Apa??? Bagaimana bisa aku hamill sekarang?? Aku saja masih belum tau apa zen sudah mencintaiku atau belum, bagaimana jika zen tidak menerima bayi ini, bagaimana jika zen tidak menyukai bayi yang sedang kukandung ini batin anna tampak gelisah.


"Halooo nona" panggil sandy yang melihat anna nampak melamun.


"Iya dokter maaf , saya malah tak mendengarkan penjelasan dari dokter" ucap anna pada sandy.


"Padahal baru mau saya jelaskan" ucap sandy tersenyum geli.


Anna nampak diam saja mendengar candaaam sandy.


" nona kemungkinan hamil 4minggu jika sudah merasa telat 1bulan, memang awal kehamilan sering membuat nona mual dan susah makan, maka dari itu nona harus mengganti asupan dengan jus buah atau buahnya langsung malah lebih bagus, istirahat yang cukup dan yang jelas jangn terlalu banyak pikiran,"


Anna hanya mengangguk mendengarkan penjelasan dari sandy sambil memeganggi perutnya yang kini sudah terdapat hasil dari buah cinta nya dengan zen.
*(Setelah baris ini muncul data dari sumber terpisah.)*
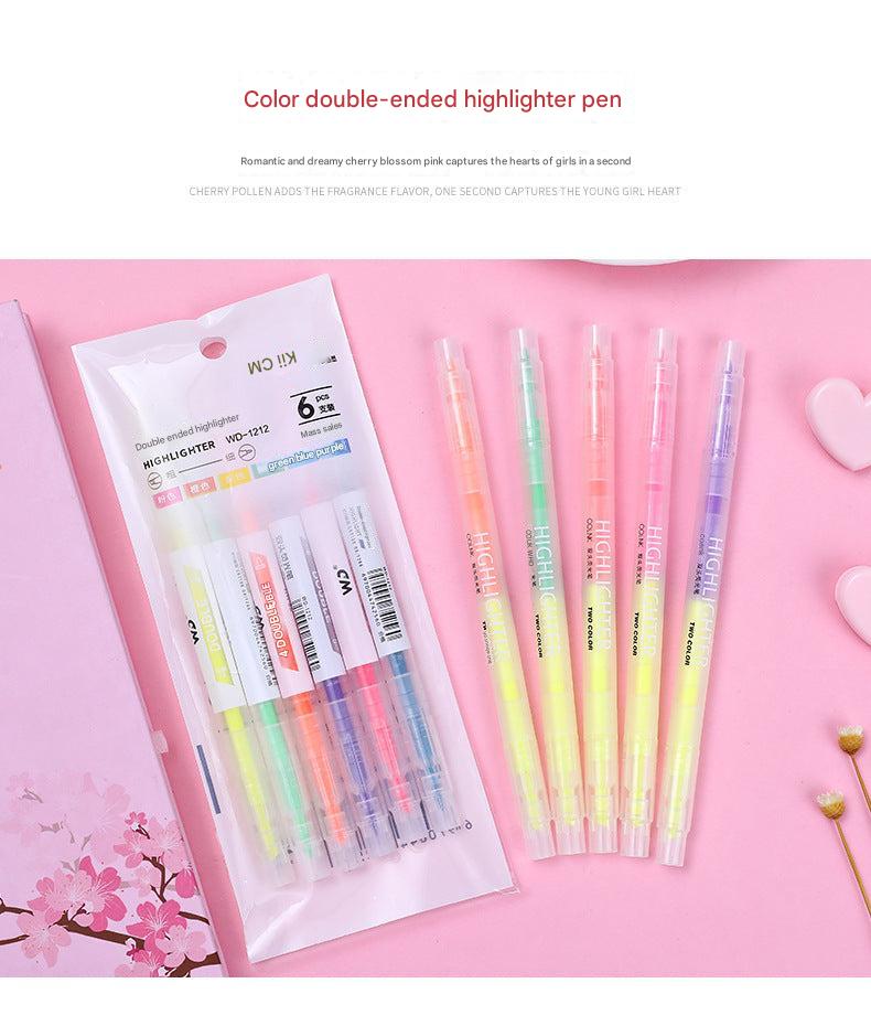 Dual-Tip Colorful Highlighter Pens, Set of 6 – Versatile & Bright Markers for Students and Professionals

"Ini suplemen dan vitamin yang harus diminum setiap pagi dan malam, alangkah baiknya jika nona juga mengonsumsi susu ibu hami, untuk nutrisi tambahan calon bayi nona" jelas sandy sambil memberikan resep obat yang harus ditebus diapotik.
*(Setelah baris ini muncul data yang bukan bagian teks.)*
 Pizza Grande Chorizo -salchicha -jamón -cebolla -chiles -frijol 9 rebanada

"Baiklah kalau begitu saya permisi, jangan lupa periksakan bayi nona setiap satu bulan sekali,vitamin dan suplemen nya jangan lupa diminum, jaga kesehatan jangan sampai nona banyak pikiran karena bisa mempengaruhi kesehatan janin nona" ucap sandy lagi.
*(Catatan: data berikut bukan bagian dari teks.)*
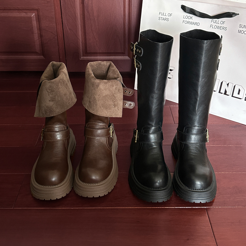 女靴子靴子韩版潮时尚保暖防滑长靴圆头粗跟

"Baiklah pak dokter saya akan menurutinya" ucap anna sumringah.


"Kalau begitu saya permisi nona" ucap sandy kemudian keluar dari kamar anna.


Sekeluarnya sandy anna tampak kelihatan lesu dan masih juga gelisah.


Sandy menutup pintu kamar kemudian berjalan menghampiri zen yang tengah menunggunya di ruang tamu.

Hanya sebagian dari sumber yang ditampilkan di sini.